Return to Athens. Science fiction scenario, or at least theoretical thoughts, in a second phase?

The first decision to return to Athens was the listing on the Athens Stock Exchange, which has now proved to be absolutely correct and beneficial for the Bank of Cyprus Group. In a short period of time, we have achieved the objectives we set ourselves, with our shares being included in the General Price Index and our participation currently standing at 4.1%. Trading volumes in our shares have almost tripled and we have started to be covered by analysts who cover Greek companies and banks.

But beyond that, at least at this stage, our thoughts on Greece are limited to what I mentioned earlier, which is our interest in increasing international lending.

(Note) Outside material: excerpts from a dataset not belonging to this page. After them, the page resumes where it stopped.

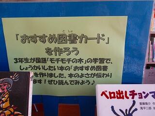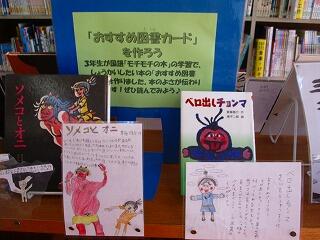 3年生が国語の「モチモチの木の学習」で,紹介したい本の「おすすめ図書カード」を作りました。
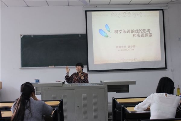5月15日上午8点30分,由西南大学文学院副教授、课程与教学论专业博士、语文教育研究室主任魏小娜老师主讲的《群文阅读的理论思考与实践探索》专题讲座在中文楼202教室顺利举行。国培(2017)初中语文组全体学员参加了本次讲座。此次讲座由我院刘川江老师主持。
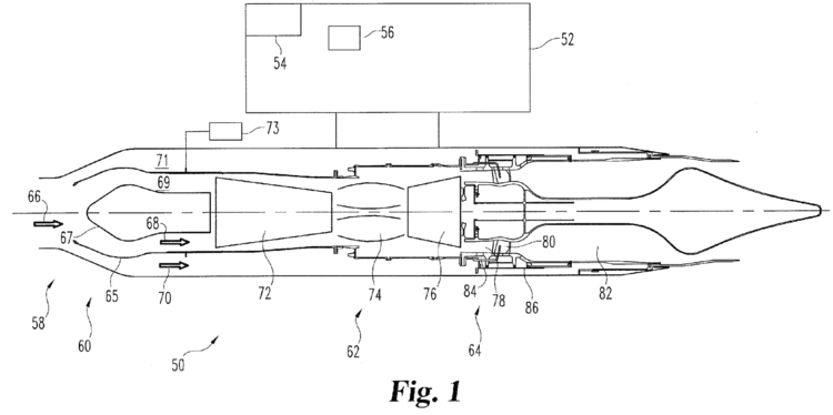 2. Patent number US 20120159925 A1 on a turbine based combined cycle engine discusses the invention of a high-speed aircraft engine that can operate in multiple modes and at a range of Mach numbers, including in a supersonic ramjet mode or in a subsonic turbine mode. The invention includes a bypass valve that can limit airflow into the gas turbine engine when operating at high speeds. In this mode, some compression is generated by shock waves located in the engine inlet, with no need for the air to pass through a rotating compressor. In addition, the patent claims the cylindrical structure used to house the engine, as well as the method used to capture and combust airflow within the engine. A diagram of the invention pulled from the patent document is shown in Fig. 3, below. Such an invention can be considered foundational work for the development of combined-cycle subsonic, supersonic, and hypersonic engines that will eventually power commercial hypersonic transport vehicles.

What are your goals for the future?

Our goal is to continue to deliver strong and stable returns, even in a normalised interest rate environment of around 2%. As you know, the Bank is now rated investment grade by the international rating agencies Standard & Poor's, Moody's and Fitch, reflecting its total return to strong fundamentals.

We maintain our target for a high-teens return on tangible equity (ROTE) of 15% on CET1 fixed capital, and also aim to maintain our cost-income ratio at 40% and our provisioning costs at the lower end of the 40-50 basis point range, so that we can continue to apply our dividend policy and deliver stable value to our shareholders.